2012-03-24 16:16:10, paolomario napisał(a):
Mi dzisiaj ubezpieczyciel przysłał propozycję przedłużenia ubezpieczenia na kolejny rok. Wszystko fajnie, cena dobra, 20 funtów niższa niż do tej pory, więc czemu nie.
Ale w papierach zauważyłem, że występuję jako faktyczny właściciel pojazdu, a że autko wzięte po części w kredycie, więc oczywiście właścicielem nie jestem. Widocznie przenosząc ostatnio ubezpieczenie z jednego samochodu na drugi zapomniałem zmienić ten punkt.
Dzwonię żeby to poprawić a pani konsultantka informuje mnie, że oni nie mają w ofercie ubezpieczeń w takich przypadkach, więc zdecydowałem zakończyć współpracę z nimi, poprosiłem o list z informacją o latach bezwypadkowej jazdy i zabrałem się za przeglądanie, co "gocompare" mi wyszuka.
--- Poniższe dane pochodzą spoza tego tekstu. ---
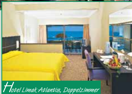
Hotel Limak Atlantis, Doppelzimmer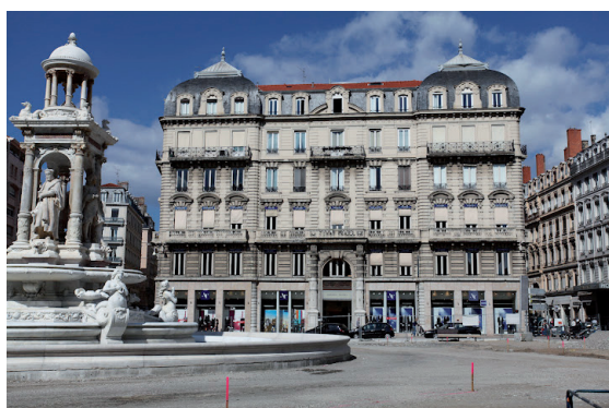
Lyon - Herriot

Aucune cession au cours du 3 e trimestre.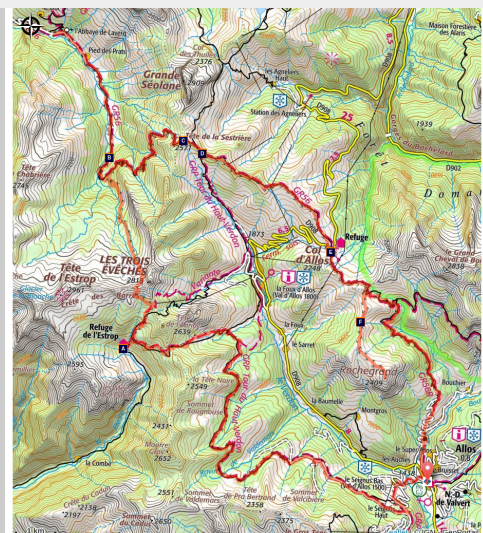
Tours du Haut Verdon - Rochegrand

La Haute Vallée du Verdon, en amont du célèbre grand canyon, appartient sans conteste au domaine alpin. Elle est bordée à l'ouest par les sommets de la Haute-Bléone, au nord, elle communique avec la vallée de l'Ubaye. A l'est, enfin, on découvre le Lac d'Allos et le Mont Pelat, joyaux du Parc national du Mercantour.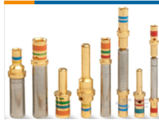
TE 产品编号0662-207-1282 CONT SOC ASSY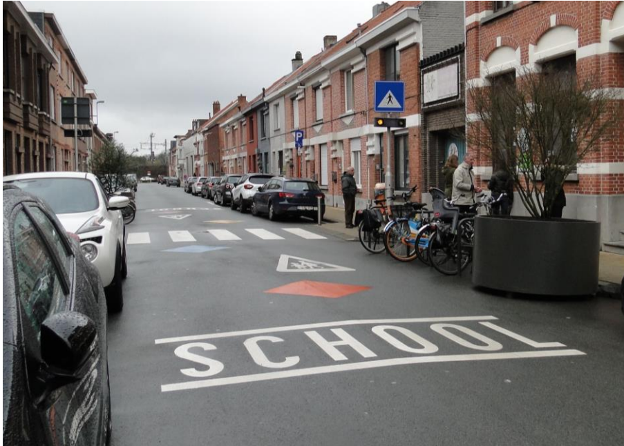
Figuur 6: Octopusthermoplasten in de Oude Molenstraat 58-60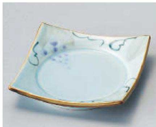
ミ100-129 手書きぶどう四方皿 11.4×11.4×2.3cm (磁) JPN 1,400円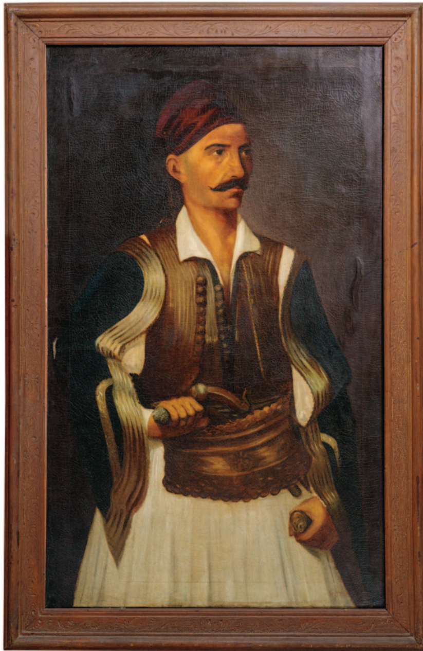
Ο Αθανάσιος Ραζή - Κότσικας σε ελαιογραφία του 1926, έργο του ζωγράφου Νικήτα Γρύσπου (Αμοργός 1873 - Αθήνα 1974). Ο Αθ. Ραζή - Κότσικας ήταν από τους πρωταγωνιστές της ελληνικής επανάσταση στο Μεσολόγγι. Οι συναγωνιστές του τον έχρισαν αρχηγό της Φρουράς των ενόπλων των "ενοπίων αρμάτων". Έπεσε ηρωικά στην Έξοδο του Μεσολογγίου.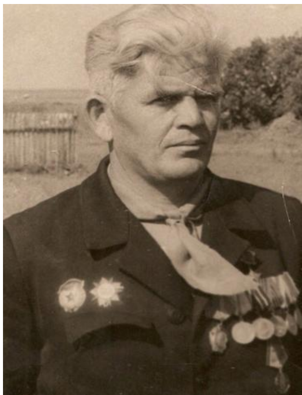
Герой Советского Союза Кухаров Константин Фёдорович

Материал подготовила библиотекарь Стрелецкого библиотечного пункта МКУ «Петуховская межпоселенческая центральная библиотека»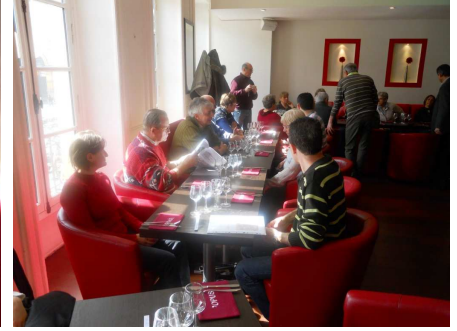
Après la marche, le réconfort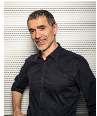
Romeo Castlucci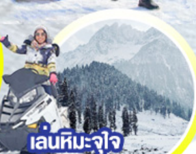
เล่นหิมะ-จิว ให้หายคิดถึง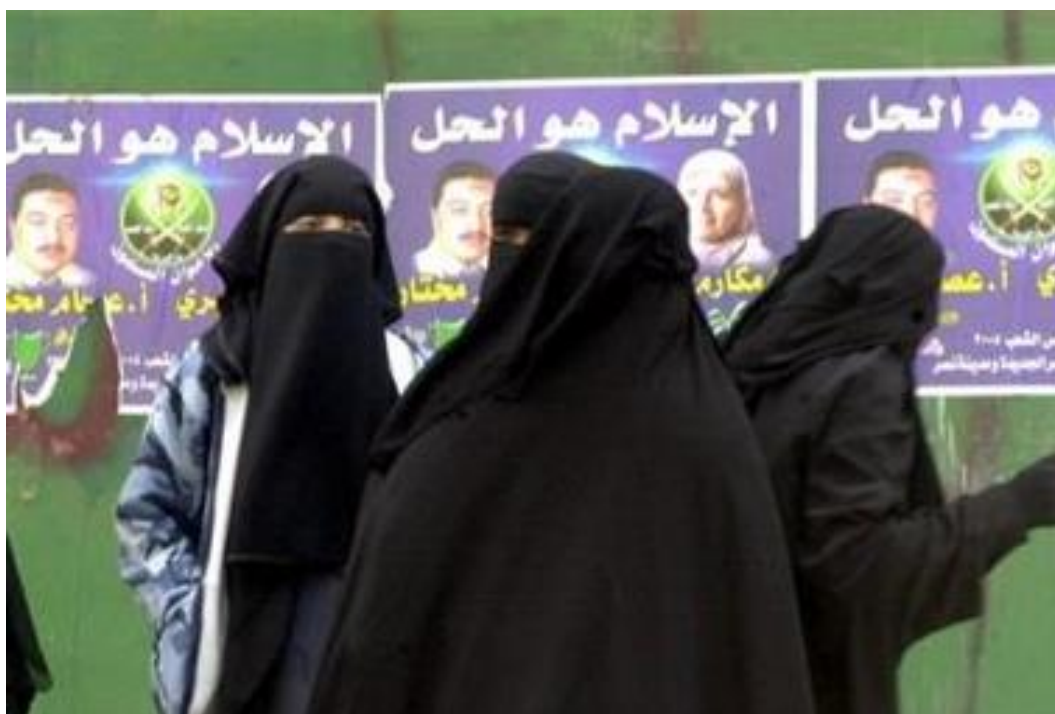
Příloha č. 7. Islám je řešení. Ženy v niqábech a v pozadí volební plakáty s kandidáty Muslimského bratrstva a heslem „Islám je řešení“.

O dziwo mój ubezpieczyciel wyskoczył w wynikach wyszukiwania. Zadzwoniłem jeszcze raz i pytam, dlaczego tak się dzieje. Przełączyli mnie do jakiegoś "supervisora" a ten stwierdził, że z powodzeniem mogę przedłużyć umowę i żebym o tym poinformował konsultanta, do którego znowu mnie przełączył. A ten mi znowu mówi, że nie mogę przedłużyć


A na "gocompare" wziąłem ofertę w tej samej cenie, która jeszcze dodatkowo ma samochód zastępczy, pomoc prawną, pomoc lekarską i ubezpieczenie NCB.

Swoją drogą, odmówił Wam ktoś ubezpieczenia bo auto w kredycie? Przecież tutaj całkiem sporo jeździ takich samochodów i ludzie je ubezpieczają. Odcinanie się od takich klientów to dziwna polityka mojego dotychczasowego ubezpieczyciela

Moze im sie myli legal keeper i legal owner. W dokumencie rejestracyjnym pojazdu jest legal keeper. Jakby firmy stronily od aut w kredycie, to by klientow nie mialy

Ich strata.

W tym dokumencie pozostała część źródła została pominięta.